Let $f:B^n_1 \to \Bbb{R}$ defined on the n dimensional ball of radiu $1$. If $f\in C^1$. and $f(0) = 0$.
Can we prove that $$\int_{B_1}|f|^2 \le C\int_{B_1}|\nabla f|^2 +C'$$
If assume further that $m(\{x:|f(x)|\le 1\})\ge \delta |B_1|$ for some constant $\delta >0$ which independent on the choice of $f$.
Can we prove $$\int_{B_1}|f|^2 \le C\int_{B_1}|\nabla f|^2 + C'$$ then?

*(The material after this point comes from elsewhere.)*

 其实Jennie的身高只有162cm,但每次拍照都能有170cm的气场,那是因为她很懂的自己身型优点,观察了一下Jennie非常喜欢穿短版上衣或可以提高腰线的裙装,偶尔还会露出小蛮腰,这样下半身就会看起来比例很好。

I should made the statement more formal, for the second version,we have :
Theorem. For any $\varepsilon>0$ there exists a $ C=C(\varepsilon, n)$ such that for $u \in H^{1}\left(B_{1}\right)$ with $$ \left|\left\{x \in B_{1} ; u=0\right\}\right| \geq \varepsilon\left|B_{1}\right| \quad \text { there holds } \int_{B_{1}} u^{2} \leq C \int_{B_{1}}|D u|^{2} $$
The proof is similar to the proof for the poincare wirtinger inequality on Evan's PDE book. This proof can also be found on Q. Han and F. Lin, Elliptic partial differential equations. 4.8.

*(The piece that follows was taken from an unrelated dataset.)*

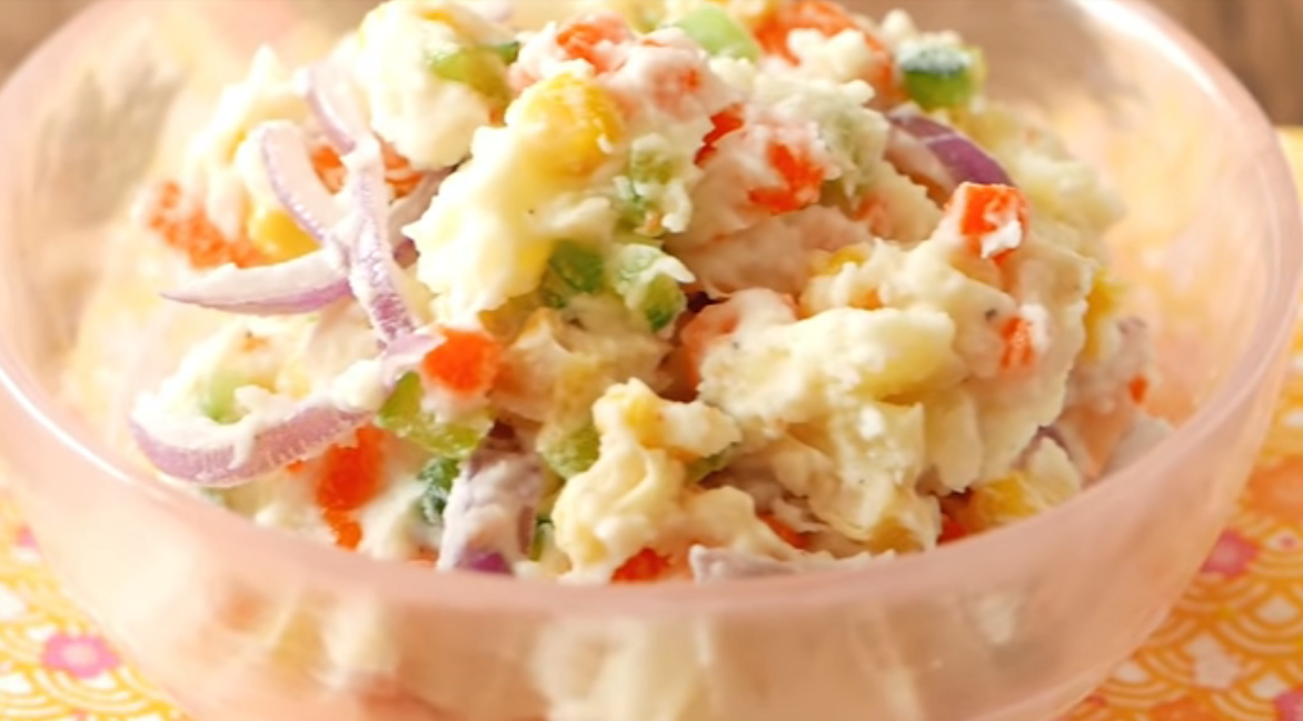 - Смешайте все ингредиенты. Заправьте соусом и все готово.

With slight modification, we can prove the following result :
Theorem For any $\varepsilon>0$ there exists a $ C=C(\varepsilon, n)$ such that for $u \in H^{1}\left(B_{1}\right)$ with $$ \left|\left\{x \in B_{1} ; |u|<\frac{1}{2}\right\}\right| \geq \varepsilon\left|B_{1}\right| \quad \text { there holds } \int_{B_{1}} u^{2} \leq C \int_{B_{1}}|D u|^{2} $$
Proof. Suppose not. Then there exists a sequence $\left\{u_{m}\right\} \subset H^{1}\left(B_{1}\right)$ such that $\left|\left\{x \in B_{1} ; |u_{m}|<\frac{1}{2}\right\}\right| \geq \varepsilon\left|B_{1}\right|, \quad \int_{B_{1}} u_{m}^{2}=1, \quad \int_{B_{1}}\left|D u_{m}\right|^{2} \rightarrow 0$ as $m \rightarrow \infty$ Hence we may assume $u_{m} \rightarrow u_{0} \in H^{1}\left(B_{1}\right)$ strongly in $L^{2}\left(B_{1}\right)$ and weakly in $H^{1}\left(B_{1}\right)$(Using the Sobolev embedding). Clearly $u_{0}$ is a nonzero constant,and $|u_0| > \frac{1}{2}$
which is constant since $Du =0$ by the fact that $Du_m \to 0$ in $L^2$ , it's non-zero since $\|u_m\| = 1 $ so the limit in $L^2$ can not have zero $L^2$ norm. since $\|u_0\|_{L^2(B_1)} =1$, therefore $|u_0|> \frac{1}{2}$ .
So:
$$ \begin{aligned} 0=\lim _{m \rightarrow \infty} \int_{B_{1}}\left|u_{m}-u_{0}\right|^{2} & \geq \lim _{m \rightarrow \infty} \int_{\left\{|u_{m}|<\frac{1}{2}\right\}}\left|u_{m}-u_{0}\right|^{2} \\ & \geq (|u_0| - \frac{1}{2})^2 \inf_m|\{x:|u_m|<\frac{1}{2}\}| >0 \end{aligned} $$ Contradiction.